Petani pengomprong tembakau sudah ada yang mulai panen dan mengomprong tembakaunya. (Suara NTB/rus)

Selong (Suara NTB) – Hingga saat ini, terdaftar 11 perusahaan yang siap membeli tembakau omprongan virginia. Jumlah perusahaan ini berkurang dibanding sebelumnya 19 perusahaan. Adapun target pembelian tahun ini sekitar 23 ribu ton. Target ini jauh lebih kecil dibanding realisasi pembelian tahun lalu yang tembus 28 ribu ton krosok.

“Kita tidak tahu, menurunnya ini apakah karena tidak ada uang atau masih ada stoknya,” terang Kepala Bidang Perkebunan Dinas Pertanian Lotim, H. Masri. Kepada Suara NTB, Kamis, 6 Agustus 2020, dia menjelaskan, sesuai informasi di lapangan tampak akan terjadi penurunan produksi dan pembelian.

Iklan

Perusahaan juga menurunkan target pembelian. Pihanya belum memastikan apakah target 23 ribu ton tersebut akan terlampaui. “Nanti kita lihat realisasinya, kan belum mulai beli sekarang,” ujarnya.
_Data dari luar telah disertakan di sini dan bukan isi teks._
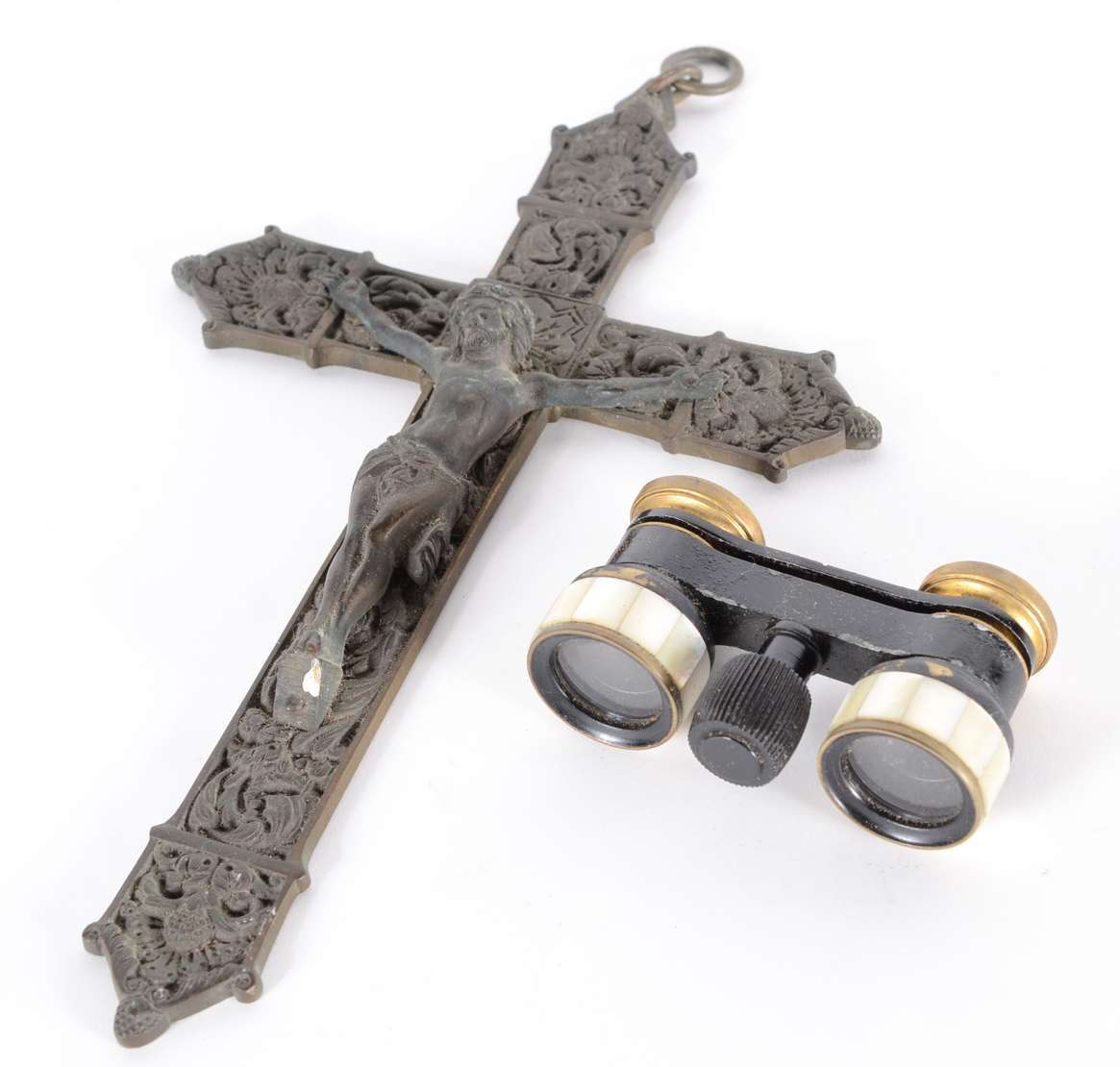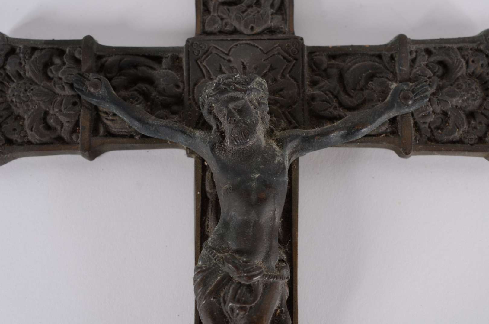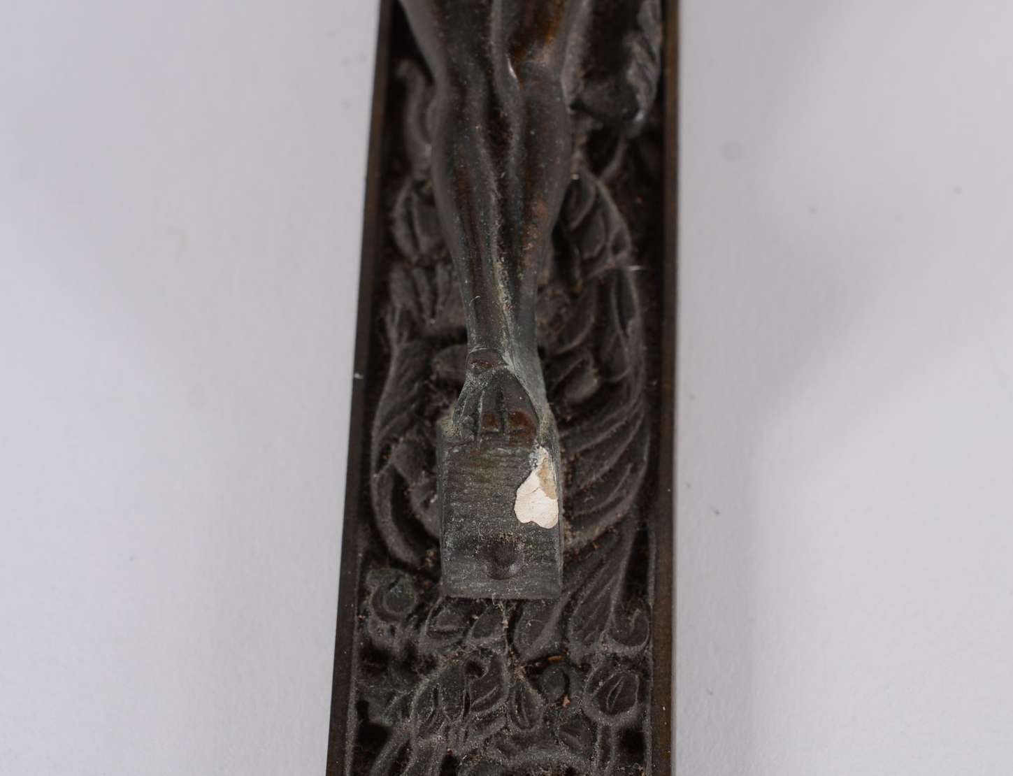 Caixa porta jóias de metal trabalhado com folhagens cinzeladas, tampa com camafeu representando figura de nobre. Part...

Target tersebut bisa saja terlampaui, karena yang pembeli-pembeli kecil tidak kita ketahui kemungkinannya ke depan. Tidak diketahui juga ada yang melakukan praktik pembelian secara diam-diam.

Musim tanam tahun 2020 ini kata Masri masih tetap didominasi mitra. Perusahaan yang bermitra langsung dengan para petani. Sedangkan petani swadaya dinilai tidaklah terlalu banyak. “Swadaya itu hanya beberapa persen saja,” ucapnya.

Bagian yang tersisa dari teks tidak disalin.